Dans sa monographie sur la famille Millette, Luc Lamond, résident de Lac-des-Seize-Îles, en parle ainsi:
«L’histoire retiendra de ce grand gaillard qu’il était un homme doux, attentif, travaillant, honnête, courageux, sans malice et toujours prêt à aider les autres.»

La famille Biéler

Les enfants Biéler, Jean-Henri, Étienne, André, Philippe et Jacques, apprennent la charpenterie en construisant une annexe à La Clairière, vers 1912.

Charles Biéler, Suisse d’origine, maître en théologie et directeur de collège en Suisse, accepta, en 1908, un poste de professeur à la section française du Collège presbytérien de Montréal.

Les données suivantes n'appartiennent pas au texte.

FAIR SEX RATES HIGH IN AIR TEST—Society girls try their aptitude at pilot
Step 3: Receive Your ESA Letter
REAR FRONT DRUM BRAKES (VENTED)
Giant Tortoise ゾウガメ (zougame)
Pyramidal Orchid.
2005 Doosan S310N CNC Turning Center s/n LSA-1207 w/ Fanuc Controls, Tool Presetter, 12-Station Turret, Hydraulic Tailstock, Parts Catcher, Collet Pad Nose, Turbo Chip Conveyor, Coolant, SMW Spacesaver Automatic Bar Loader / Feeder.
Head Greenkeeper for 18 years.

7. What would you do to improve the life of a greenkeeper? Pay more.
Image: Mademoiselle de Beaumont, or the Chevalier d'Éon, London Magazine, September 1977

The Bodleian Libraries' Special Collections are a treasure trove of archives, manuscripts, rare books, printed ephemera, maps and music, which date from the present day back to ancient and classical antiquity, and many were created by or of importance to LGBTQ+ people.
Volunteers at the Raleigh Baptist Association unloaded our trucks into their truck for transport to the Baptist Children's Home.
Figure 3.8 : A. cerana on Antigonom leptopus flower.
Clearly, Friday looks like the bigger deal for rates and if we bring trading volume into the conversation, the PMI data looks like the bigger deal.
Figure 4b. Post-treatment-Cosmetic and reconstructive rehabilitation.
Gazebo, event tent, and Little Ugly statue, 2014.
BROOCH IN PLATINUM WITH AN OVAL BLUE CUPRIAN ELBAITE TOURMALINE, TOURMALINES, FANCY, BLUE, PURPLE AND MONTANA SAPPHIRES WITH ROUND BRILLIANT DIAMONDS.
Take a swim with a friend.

En 1911, la famille Biéler fit l’acquisition d’une grande ferme sur la rive ouest du lac Laurel qu’ils nommèrent «La Clairière». La maison principale de bois équarris date de la même période que la maison McGarry/Stronach. Les Biéler passèrent plusieurs étés à la restaurer et à l’agrandir.

Le professeur s’était aménagé un bureau au deuxième étage d’une grange, inspiré par la vue paisible des pâturages environnants. Il fut régulièrement invité pour prêcher dans la petite église protestante du lac des Seize Îles.

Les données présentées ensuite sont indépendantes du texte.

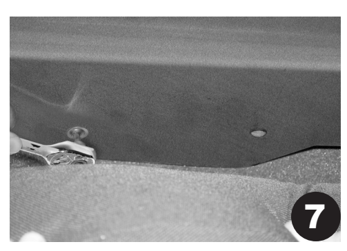
Attach front section using (2) 1/2" button head flange bolts through floor mounting plate into side mounting bracket. Repeat for other side.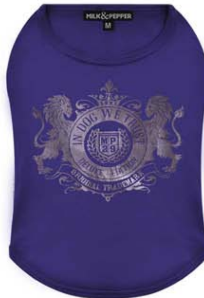
MP1072 - TS Blason interlock 100% cotton - Col. Hyacinth Vintage titan métal print. SIZES : XS S M L XL XXL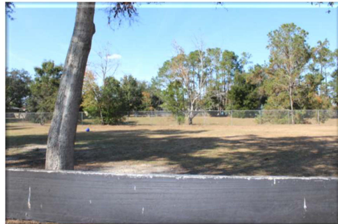
North of Subject Parcel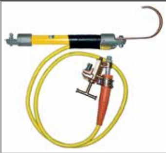
22629 STATIC DISCHARGE STICK W/ UNIVERSAL ATTACHMENT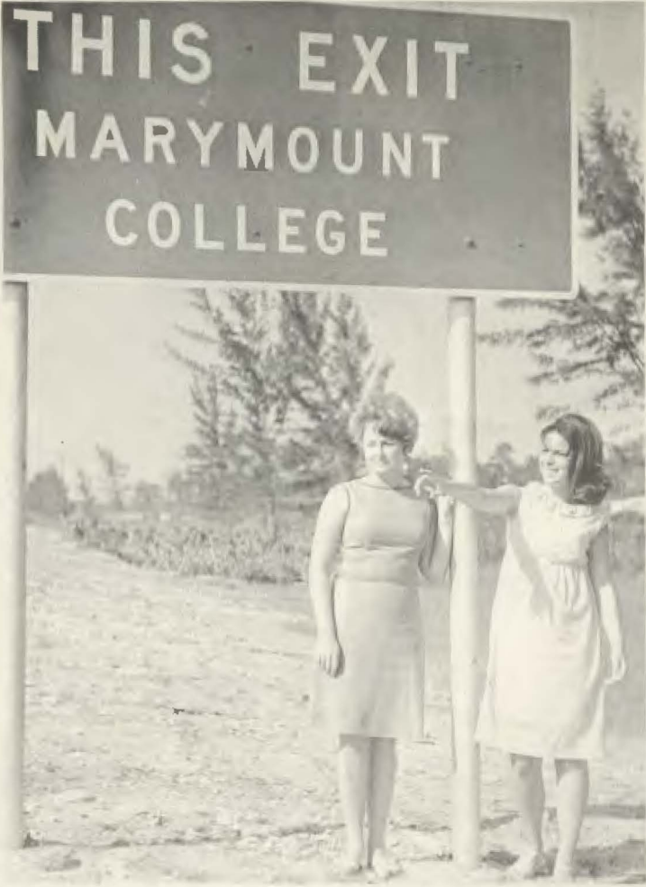
The sign led to Marymount

André Biéler, un artiste trop peu connu

Quatre des fils Biéler partirent pour la Grande Guerre de 1914. Philippe décéda en 1916 et André revint avec des problèmes respiratoires causés par une exposition aux gaz moutarde. Peintre canadien trop peu connu, il était près des membres du groupe Beaver Hall et du groupe des Sept. Son expérience de la guerre engendra un désir d’harmonie et de rapprochement qui se manifesta dans sa participation à l’organisation de la conférence des artistes canadiens à Kingston.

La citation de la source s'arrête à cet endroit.